Other reasons why one partner may begin to avoid being touched by the other – If they are not experiencing much pleasure from coupled sex, they worry that it will lead to a fight, or if they have body image or self-confidence issues.
For people with low self-esteem, expressing affection may induce feelings of vulnerability. To minimize the risk of rejection, it can sometimes feel safer to withhold affection and gratitude entirely—to pursue the goal of minimizing rejection to the detriment of developing a satisfying relationship.

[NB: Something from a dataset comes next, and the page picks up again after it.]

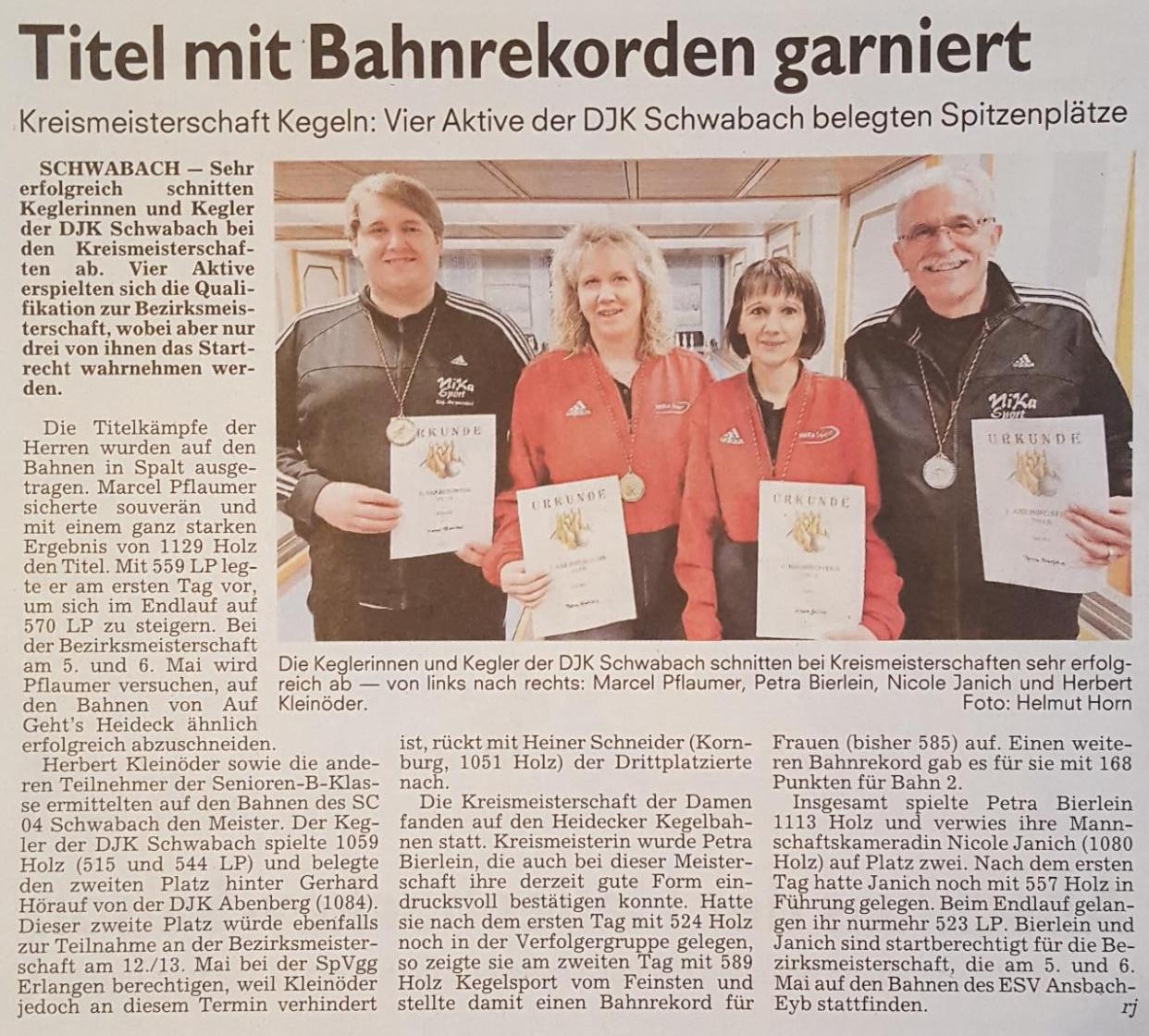 Der DJK-Diözesanverband-Eichstätt zeichnete Christine Schwöd von der Badmintonabteilung der DJK Schwabach mit dem DJK-Sportehrenabzeichen in Bronze aus. Christine Schwöd wurde in den letzten Jahren mehrmals Mittelfränkische Meisterin, Bayerische Meisterin und Süddeutsche Meisterin im Badminton. Diese Erfolge erzielte Sie im Doppel und im Mixed. Bei der Deutschen Meisterschaft erreichte Sie den 3. und den 5. Platz. Bei der Europameisterschaft belegte Sie den 8. Platz. Der berechtigt zur Teilnahme an der Weltmeisterschaft. Für diese großartigen Erfolge wurde Ihr das Sportehrenabzeichen verliehen.

Very often, it can be caused by low self-esteem or insecurity. Expressing a strong need for attention can be a manifestation of the fear that a partner either doesn't like you, or that they'll leave.
“Hey I've been feeling a bit neglected lately.”

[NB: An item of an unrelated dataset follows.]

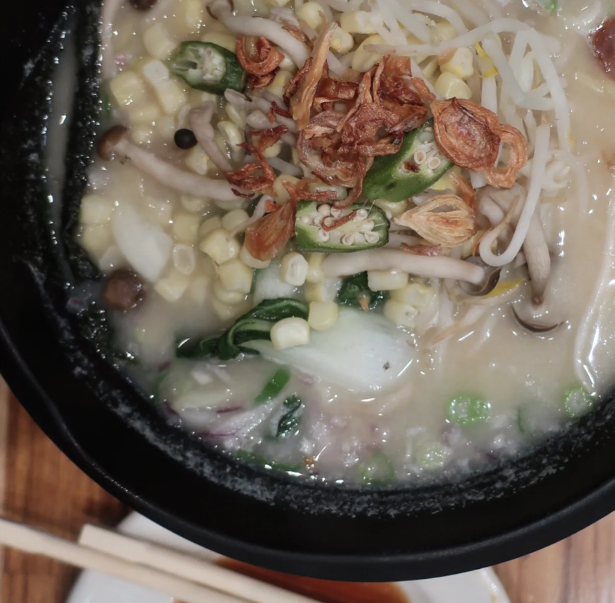 Loved the flavor of it for the first several bites, but then the butter coated my mouth a little too much and overwhelmed me. I brought the leftovers back to the motel and will definitely add the ramen noodles and fixings to a different broth. My husband loved his and inhaled it within minutes. We both agreed the serving staff was great. Very friendly, and helpful—especially when I asked if Miso Butter Ramen was common. It is.

There's nothing wrong with the direct approach to take out guesswork if that's your dynamic. The key elements are tone and volume – calm and loving for both – which keep things away from bluntness. It can also help to throw in, “Things have been feeling off here.”
Although there is no bar that could measure how much affection is normal in a relationship, it all depends on what is comfortable for both you and your partner. It is an individual thing and varies from couple to couple. What might work for one couple may not be enough for another couple.
You need to find a comfortable time to have a conversation with him about this and ask him why he isn't giving you affection. It could be because he is angry with you, or because there are issues going on with him that you aren't aware of.
If intimacy is lacking, sometimes due to the fear of intimacy, you may at times feel disconnected or distant from your partner. You may feel like your partner is keeping secrets from you and there is an invisible barrier or wall between you and your partner.
A relationship can survive without intimacy, but it will become a real struggle for both partners as time goes on; neither partner will be happy or feel secure in the relationship.
Studies show that without regular touch from other living things, we are more likely to feel lonely, hollow and even depressed; it leads to affection deprivation, better known as “skin hunger”. There's a reason why, when you're feeling lonely or sad, you just need a hug.
Start Small and Be Positive. If you're worried about voicing your needs, start small and be positive. Express a small need to your partner that should be easily doable that they'll feel good about doing, such as telling them how good it makes you feel to receive a hug or kiss when you come home from work.